Topgolf Acquisition Makes Sense, But Callaway Overpaid For a Company Over a Barrel

JohnWallStreet
·5 min read

The Wall Street Journal recently reported that Callaway Golf Co. (ELY) intends to purchase the 86% of Topgolf Entertainment Group it does not already own at a valuation north of $2 billion. Compass Point Research & Trading research analyst Casey Alexander said “obvious synergies” between the two businesses would “no doubt” result in “greater revenue on the Topgolf side of the business [it did roughly $1 billion in ’19] and greater penetration on the Callaway side.” But he doesn’t believe “the price was as good as it should have been. [Callaway] had [Topgolf] in a compromised position and yet they [still] paid what appears to be a significant premium.”

Our Take: Alexander isn’t questioning the rationale behind Callaway’s acquisition efforts. It’s the valuation he struggles to understand. “Topgolf recently required rescue financing in order to salvage their credit rating because they were in violation of the covenants on their outstanding debt. The company has experienced significant impairment [as a result to COVID-19]; look at Dave & Buster’s [the company’s best pre-COVID comp, whose market cap has fallen more than -50% from its 2020 high]. And Callaway, which was in a position to know more than most, was effectively negotiating against themselves. So, to pay 16x EBITDA two years out—with that EBITDA uncertain based on the timeline for resolution of the COVID-19 crisis and uncertain based upon the execution required to reach those [projections]– feels like a very hefty price.” The market seemingly agreed, as the ELY share price fell -20% on the news.

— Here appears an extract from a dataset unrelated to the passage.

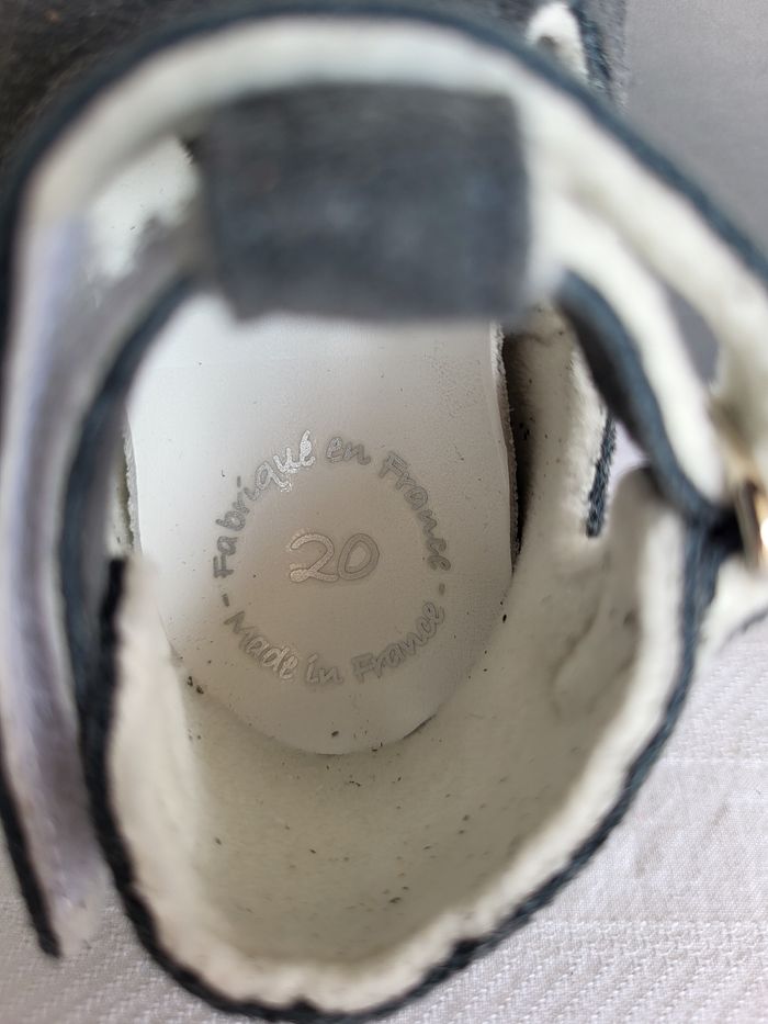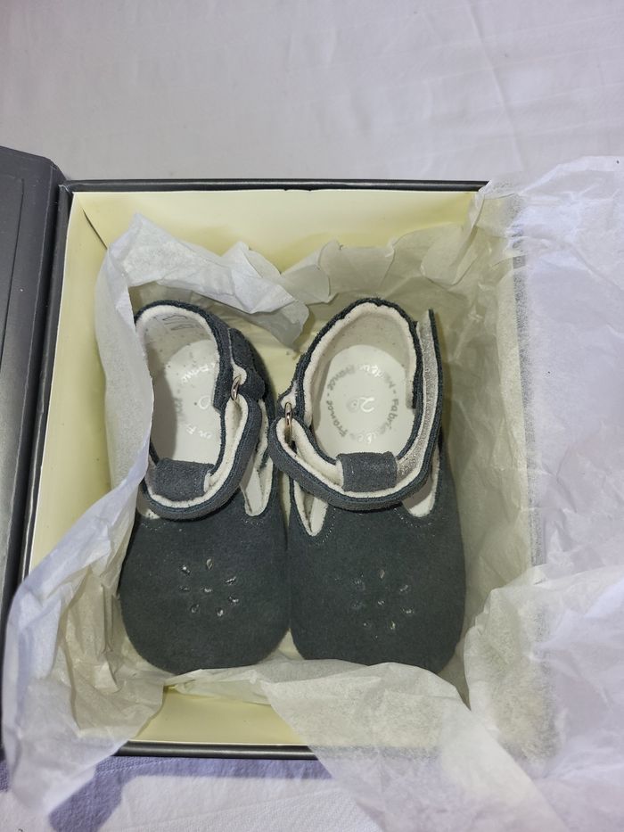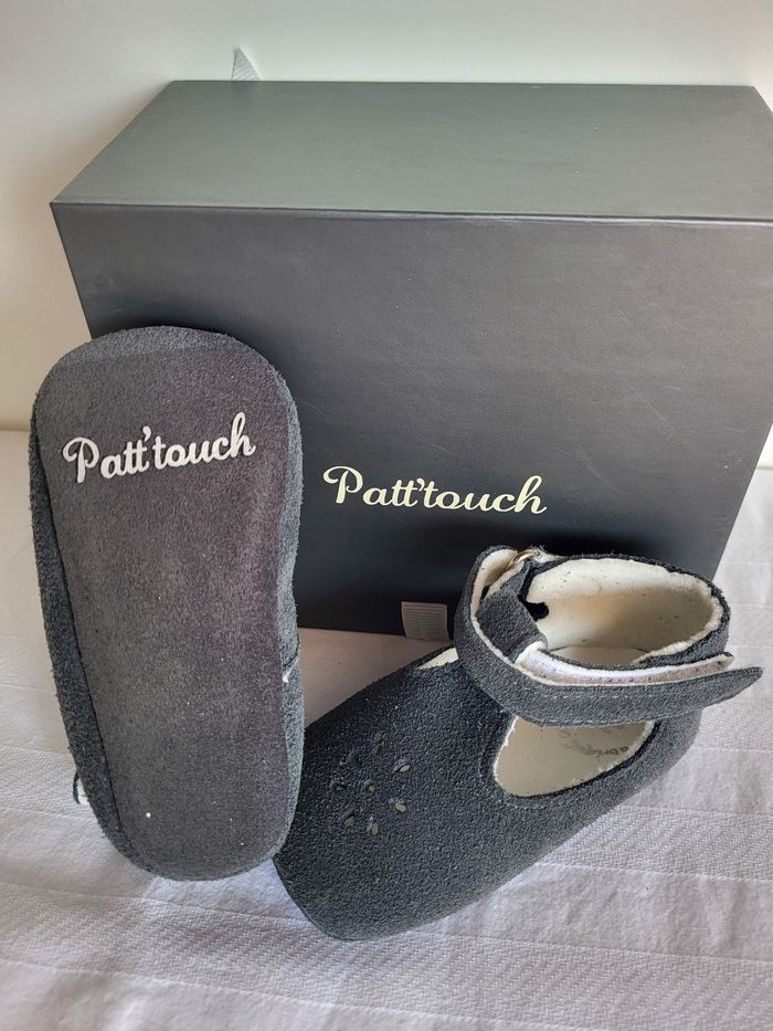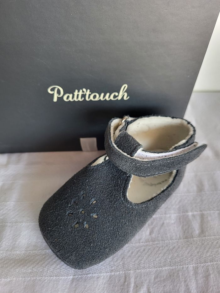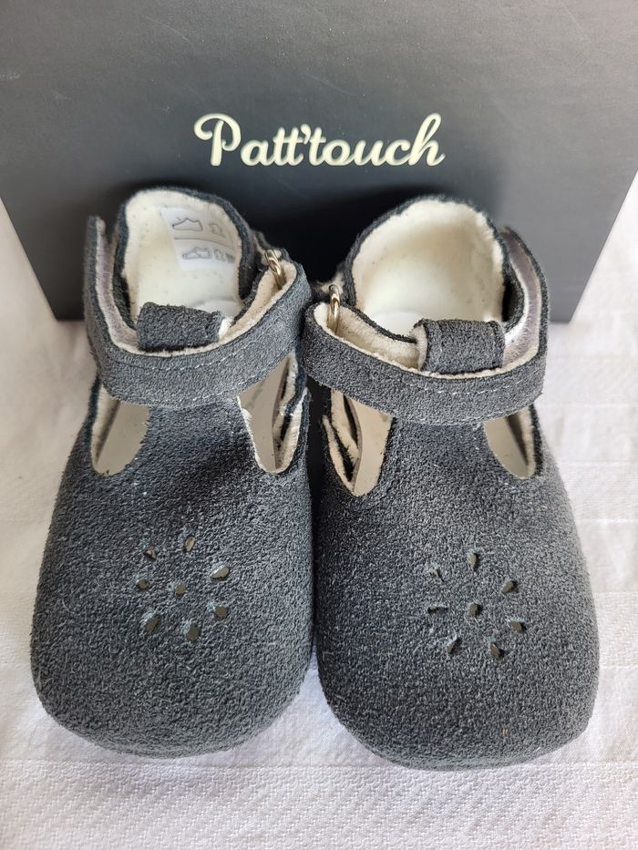 Chaussures pour bébés couchés de très belle qualité, tout en croûte velours souple grise, doublure hiver, semelle intérieure en cuir blanc, de la marque PATT'TOUCH, entièrement dessinées et fabriquées dans un atelier familial près de Bordeaux

Callaway likely doesn’t feel as if it is overpaying (although the deal still needs to go through shareholder vote). But even if it did, that won’t lessen Topgolf’s impact on the company. “You could overpay for something and still make it work. That’s Jerry Jones’ thing: ‘I never bought anything good that I didn’t overpay for,’ said Alexander. For the record, the actual quote is, “When I look back on my life, I’ve overpaid for my big successes every time.”

Price aside, Alexander is bullish on the deal for Callaway. So when shares dropped to a more manageable $15 based on projected EBITDA, Compass Point slapped a “buy” rating on the company. Alexander reasoned, “Outside of the [$600 million] debt acquired from Topgolf, [the deal] was all stock. So, [Callaway] effectively changed the value of that deal from $2.5 billion to about $1.9 billion. Once the share price dropped to $15, the risk proposition moved in favor of being long.” Compass Point has a $23.50 price target on the combined company. “At $20/share, $24/share two years out is a 10% [return] per year. It’s not worth the risk. At $15/share, the returns would be in excess of 25% per year and [the company] is clearly worth the risk proposition,” Alexander explained.

Unlike Callaway’s Q1 2019 acquisition of the outdoor apparel brand Jack Wolfskin, there are obvious cross-sale opportunities with Topgolf. “One of the dynamics of the golf equipment business is custom fitting has become a much more prevalent method of selling clubs. Well, [with the acquisition] Callaway arguably just opened 60 custom-fitting centers, in major metropolitan areas, at a very low cost. All they would need to do is [convert] one bay and voila,” Alexander said. ELY should also be able to sell a significant amount of TravisMathew apparel in Topgolf locations. “The golf business would sell a lot more apparel if there were a lot more women at golf courses,” he added. “Well, there are a lot more women at Topgolf”— in a non-pandemic environment, at least. It does need to be noted that more than half of those who visit Topgolf locations (51%) identify as non-golfers.

ELY should be able to exploit synergies on the operational end of the Topgolf business too, with the company carrying roughly $200 million in corporate overhead to support a billion-dollar business. The Compass Point analyst said Topgolf’s bloated payroll provides “a low-hanging fruit opportunity for Callaway. They can clearly pare back on a lot of duplicate positions and knock out some of the expensive labor in the organization.” Topgolf CEO Dolf Berle has already announced his plans to leave the company.

From the Topgolf side of things, a merger with Callaway gives the company access to the public markets without having to go through the traditional IPO process at a time when companies that derive significant revenue from land-based entertainment are getting hammered. While on the surface, the $2 billion valuation appears to be a steep discount from the $4 billion IPO the company was said to be eyeing in January, that figure appears to have been nothing more than speculation. Remember, “Topgolf was a private company with highly protected financials,” Alexander said.

It’s reasonable to assume had the WSJ report come out after word of Pfizer’s imminent COVID-19 vaccine broke, the markets would have responded more kindly to the idea of a Topgolf acquisition. Alexander said, “If Topgolf was a company trading by itself on [the day of the vaccine news], the stock would have ripped. Dave & Buster’s was up $7/share that day” (granted, the share price is still down -36% since the beginning of March). The prospect of COVID-19 restrictions coming to an end and the Topgolf business returning to normal operations sooner than later would have made even those with a bearish view of the company more optimistic.